The others grumbled with distaste. Anlon especially felt empathy for those on the run with little or no possessions to speak of. Gareth seemed not to care much for the suffering of others, frequently looting what he could to survive. Though a neccessity, Anlon always found it a distasteful one. 

“We've no time for looting, if their town is aflame there's not too much guessing as to the cause of it, Izrador's armies must be nearby” Anlon's thoughts filtered all the possible solutions to this problem quickly. “I still think we should head for those woods and give this town a wide birth” 

“Bah...if the fires burn that dark and thick the armies would be far gone by now... tis not their ways to stay that long after a slaughter.” Gareth murmered, more to himself while rifling through a duffel-bag. 

He was right and the others knew it. Odrendor were vicious yet ultimately predictable. Ehram's stomach growled, reminding him that their last meal worth mentioning was two days ago in the last town they'd passed through and that they'd survived of small river crabs and water chestnuts since then. Even though they were far from home, their strong backs were all that helped them get food for their stomachs and if there was no work to be done in this town, salvage would be their best bet at a good meal. Besides, their feet were weary of this road and the storms that brewed were the kind that required shelter. 
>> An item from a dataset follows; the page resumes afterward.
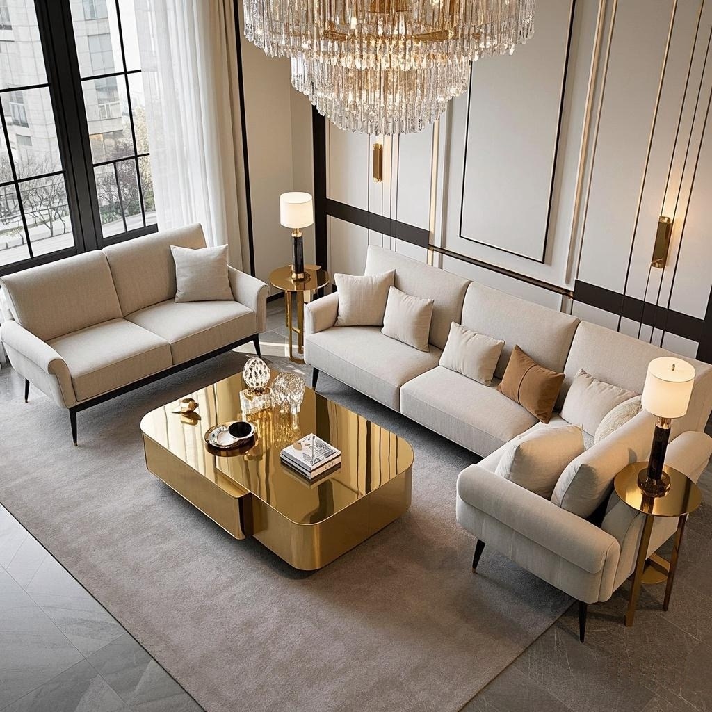 在色彩選擇上,輕奢以高級(jí)灰為主色調(diào),奠定了空間沉穩(wěn)、內(nèi)斂的基調(diào)。灰色的墻面、地面以及部分家具,相互呼應(yīng),營造出寧靜而優(yōu)雅的氛圍。同時(shí),巧妙地運(yùn)用金色元素進(jìn)行點(diǎn)綴,如金色的燈具、裝飾線條、擺件等,為空間注入了奢華質(zhì)感。

“Aye that be true.. we check it from the safety of these woods then, see whats happening”, Anlon pushed off as the rain swept in from the south, leaving the cart while Ehram mumbled and followed. Gareth dragged himself away from the cart, stuffing those items he felt were useful into his new duffel-bag.


----------



## Morte (Apr 1, 2004)

It is damn good to see a TRoS story hour. And Midnight, too.  Looking forward to more.


----------



## Broccli_Head (Apr 2, 2004)

Here! Here! Another TROS Story Hour!  

Love the game despite all the nay-sayers, and really like the Midnight setting


----------



## manji (Apr 5, 2004)

----Scene Two----​
The Dorns struggled for cover amongst the ferny undergrowth. Their large frames were not accustomed to crouching at length and even with the darkened skies and shady braken to hide them, their pale skin practically beaconed their presence. As the last rays of the sun filtered through the trees the sky took on a more menacing palor, something creating an unholy red glow in the overcast heavens. Silently they watched from their vantage point overlooking a Sarcosan town, its low domed buildings of stone radiating out from a tower in the centre, the slope of the land gently leading down to rivers edge. Then beside the road leading east a massive pit had been dug some thirty yards long, the source of the night sky's glow and the greasy streak of smoke that snaked its way into the sky. It was here that the smoke emenated from, its fuel the bodies of fallen Sarcosan townspeople, the Odrendor still piling corpses onto its raging flames. Anlon flinched somewhat, even with the horrors of his past he still felt the pang of pain when faced with such scenes of slaughter. Ehram's eyes glazed over, heavy set inside his thick brow, Anlon recognised the look of someone who's mind was blocking out what he saw, something he'd done many times before. After years on the run though, Anlon felt a fair degree of comfort here, for once he could see Odrendor were preying upon someone else and derived some disconnected ease from the scene before him. And on they watched from the safety of the hill. Ehram's thoughts drifted, Gareth considering his next meal and Anlon trying his best to subdue the feeling as if some insidious beast was gnawing away at his insides as he looked on, eroding his very soul with its every bite. 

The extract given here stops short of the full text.